## PROBLEM REQUIREMENTS
What is needed is an exact copy of the lines from the line holding "Myyntiin 9kpl (kahvikuppi" through the end of the material, with no other lines and no pictures.

## EXTRACTED DATA
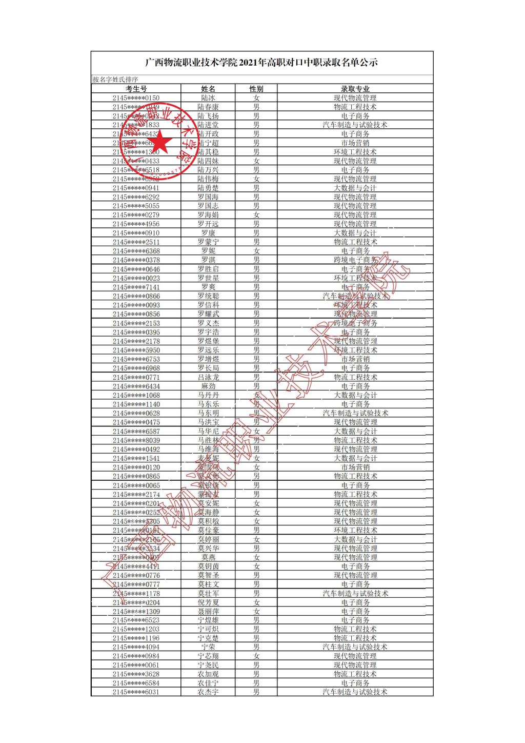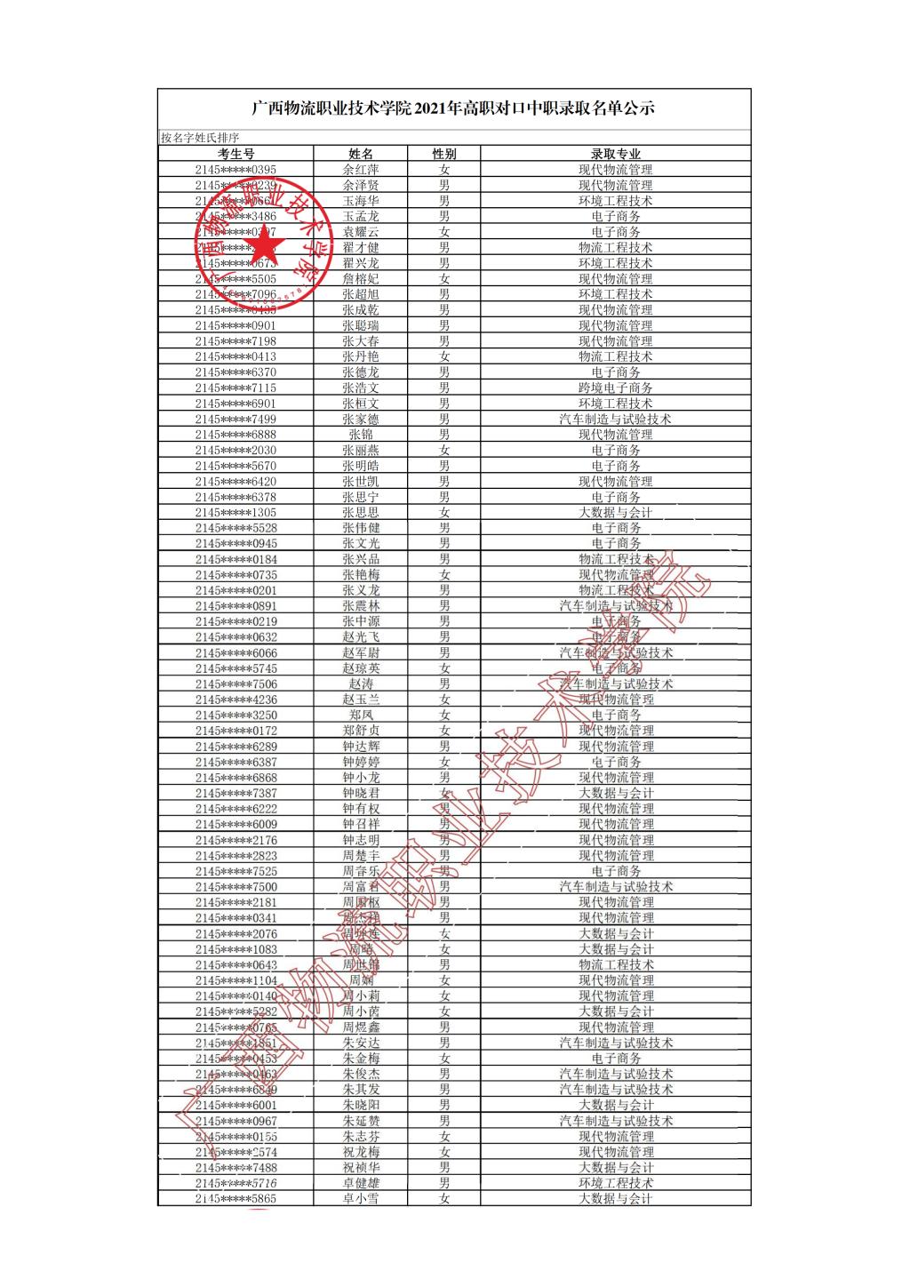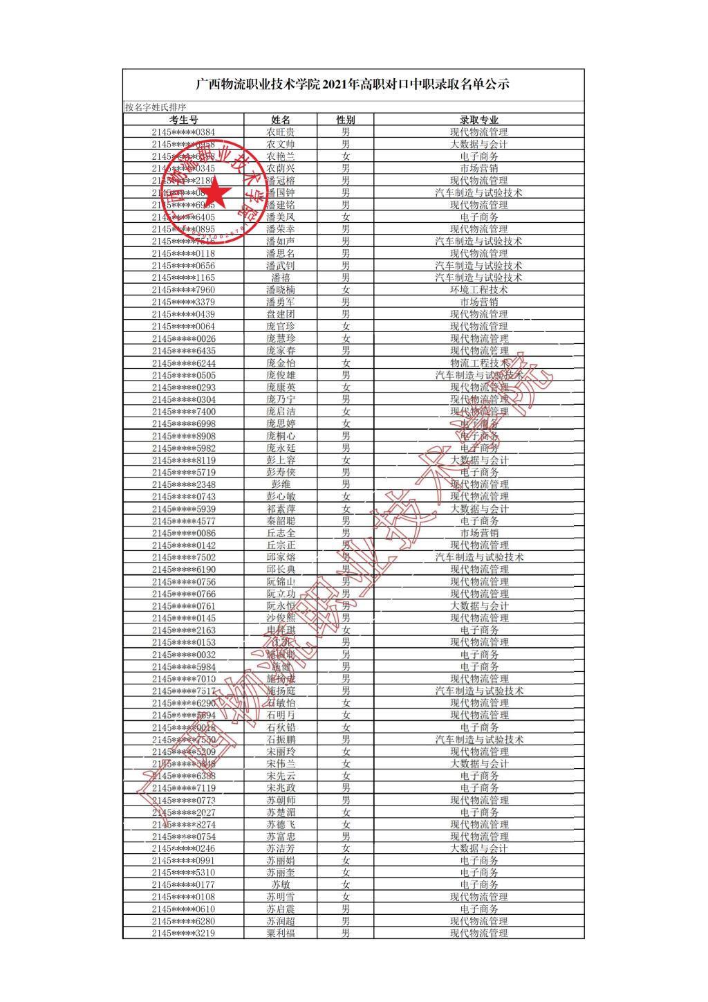 pp电子官方网站2021年高职对口中职录取名单公示(源文件链接)
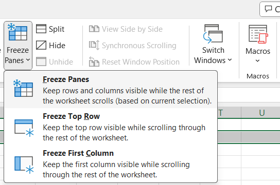 Step 1: On the View tab, in the Window group, click Freeze Panes.
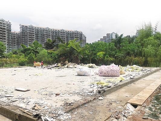 昨日,當(dāng)記者再次來到世紀(jì)城小區(qū)如意公園走訪時發(fā)現(xiàn),這個違法建筑終于被拆除了。記者在現(xiàn)場看到,該建筑墻面和房頂已被拆除,僅剩下還鋪設(shè)有地磚的建筑水泥地面還在,上面雜亂地堆放有不少建筑垃圾。拆除現(xiàn)場還停放著一臺挖機,周圍的綠化帶一片狼藉。在場的幾位工人表示,自己只是來做工的,并不了解其他情況。
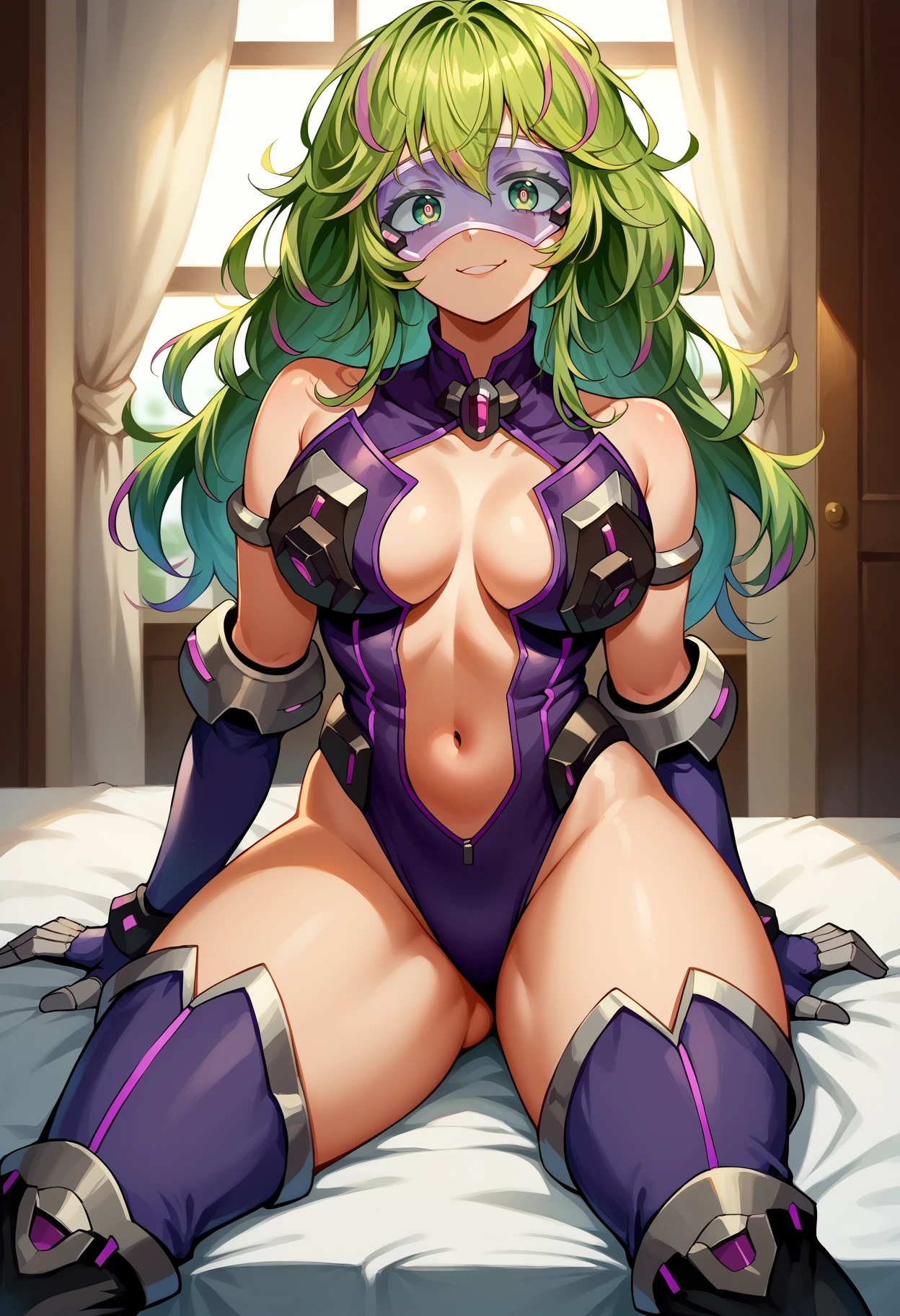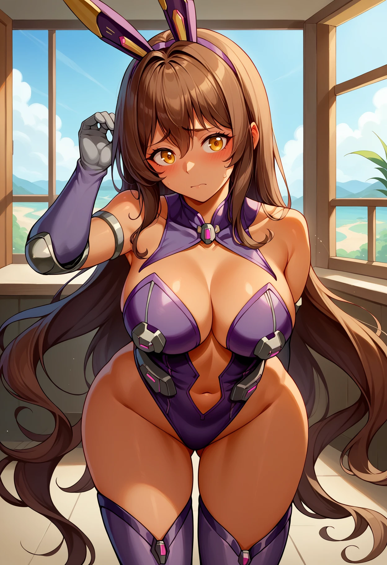 head-mounted display, holding weapon, collared leotard, purple leotard, center opening, armlet, elbow pads, detached sleeves, long gloves, grey gloves, thigh boots, purple boots
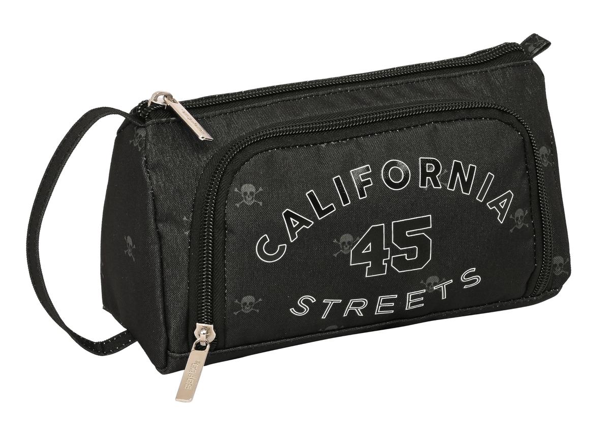 Return to the office without forgetting a single thing! Buy School Case with Accessories Safta California Black 20 x 11 x 8.5 cm (32 Pieces) and be the envy of your colleagues!Type: School CaseSchoolCompartments: 1 CompartmentInterior OrganiserIncludes: PencilPencil SharpenerEraserPen x 3Fluorescent MarkerScissorsFelt-tip pens x 12 + Colouring pencils x 12Inner pocketsType of fastening: ZipMaterial: Polyester 600DNumber of pieces: 32 PiecesCharacteristics: Front zip placketColour: BlackCarrying handle: SideApprox. dimensions: 20 x 11 x 8.5 cm
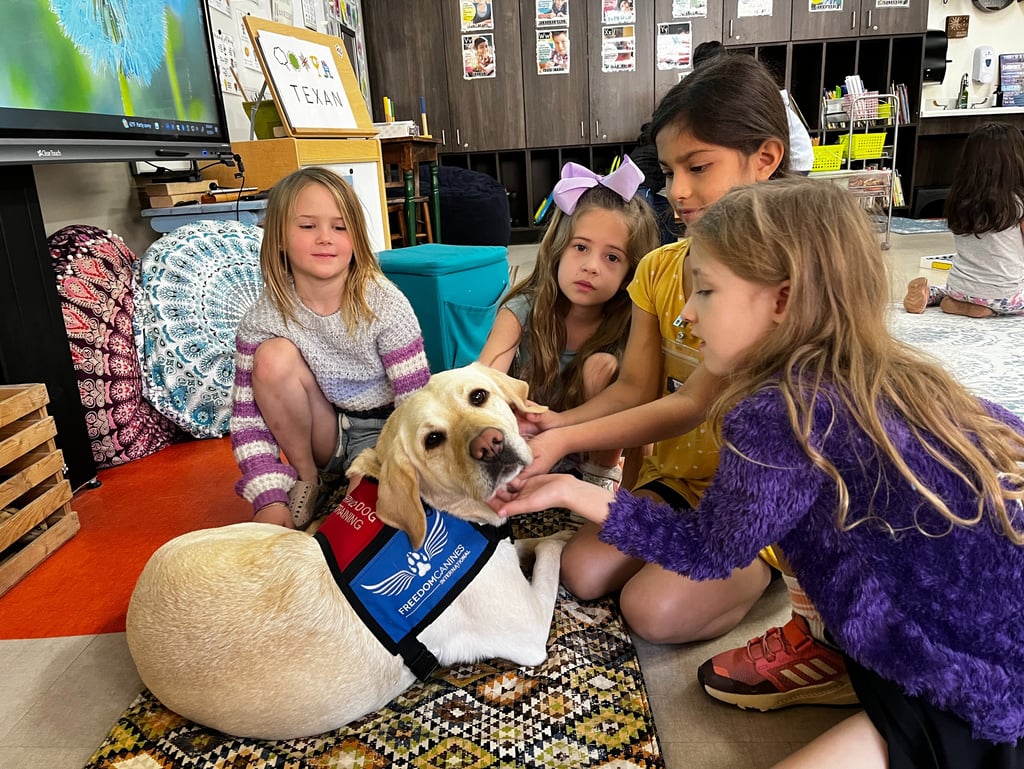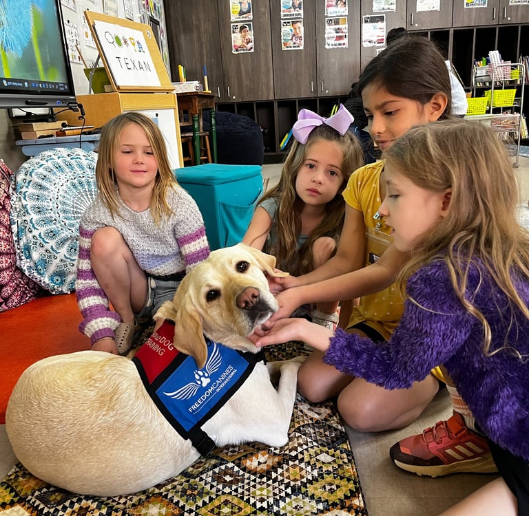 "As a staff, Mrs. Anita Cisneros and myself found the addition of Freedom Canines Inc into our weekly schedule an invaluable learning experience for our students and ourselves. We were able to use examples and the acronyms the students practiced with Freedom Canines, as ways to help them approach peer, parent, or teacher interactions. The growth in their communication was impressive.
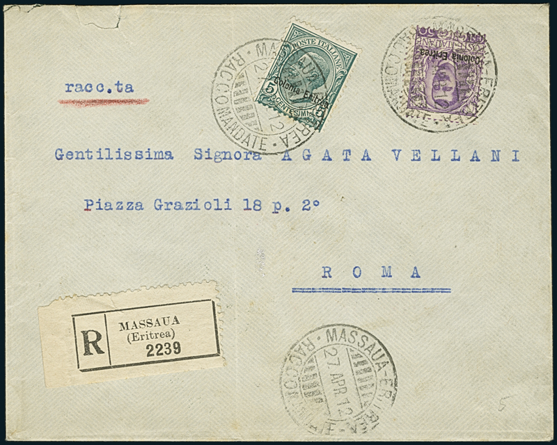 1912, raccomandata da Massaua dl 27 aprile per Roma, affrancata con 50c. e 5c. (27, 31), annullati col timbro “Massaua-Eritrea/Raccomandate” . Molto bella, rara affrancatura.
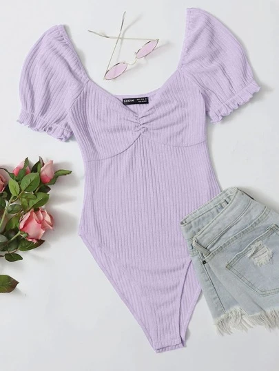 SHEIN EZwear Frilled Puff Sleeve Ruched Bust Rib-knit Bodysuit - Lilac Purple - View 1
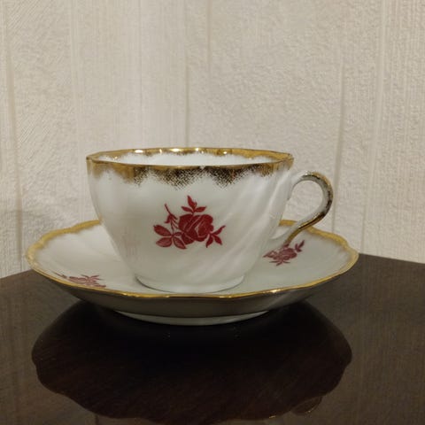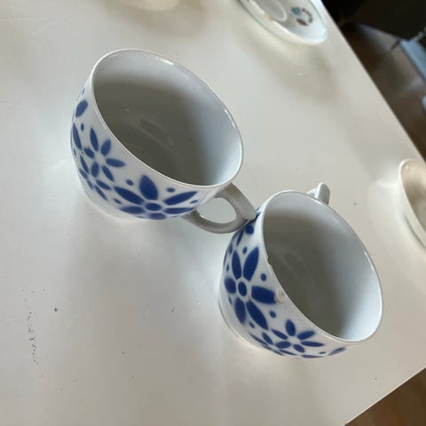 Myyntiin 9kpl (kahvikuppi + asetin) Arabian Greta-Lisa Jäderholmin suunnittelemaa OB-mallin settiä. Lisäksi yksi setti, josta pieni pala lohjennut sekä kupista että lautasesta. Mukaan myös yksi ylimääräinen lautanen.
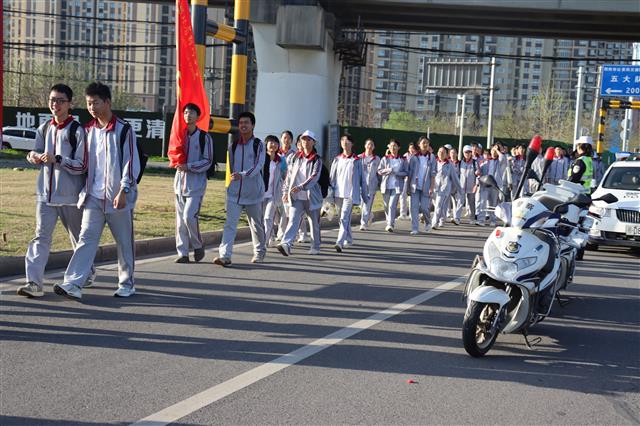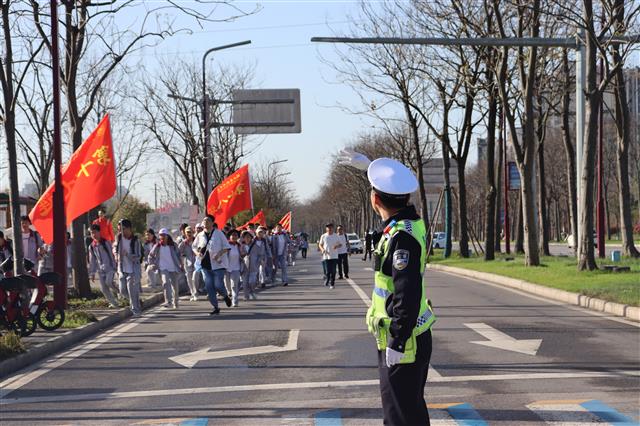 在执勤民辅警的护送下,远足队伍浩荡前行,始终保持井然有序。上午11时许,顺利抵达实践地园博园。
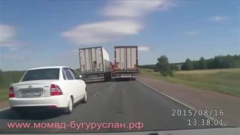 监控实拍:盲目抢行 小车被撞惨了 大卡车根本停不下来...
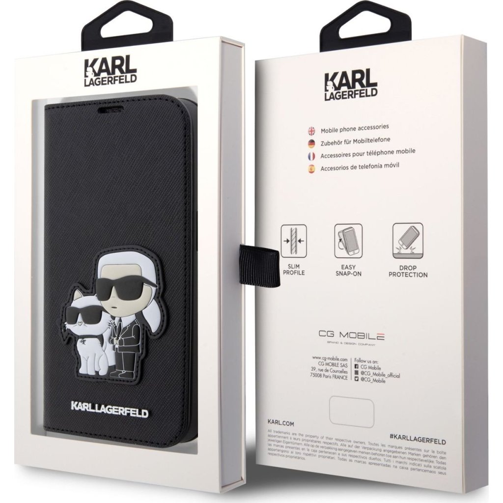 Ochranné pouzdro pro iPhone 14 Pro MAX - Karl Lagerfeld, Saffiano Karl and Choupette NFT Book Black

## REPLY TO THE TASK
 Myyntiin 9kpl (kahvikuppi + asetin) Arabian Greta-Lisa Jäderholmin suunnittelemaa OB-mallin settiä. Lisäksi yksi setti, josta pieni pala lohjennut sekä kupista että lautasesta. Mukaan myös yksi ylimääräinen lautanen.
 在执勤民辅警的护送下,远足队伍浩荡前行,始终保持井然有序。上午11时许,顺利抵达实践地园博园。
 监控实拍:盲目抢行 小车被撞惨了 大卡车根本停不下来...
 Ochranné pouzdro pro iPhone 14 Pro MAX - Karl Lagerfeld, Saffiano Karl and Choupette NFT Book Black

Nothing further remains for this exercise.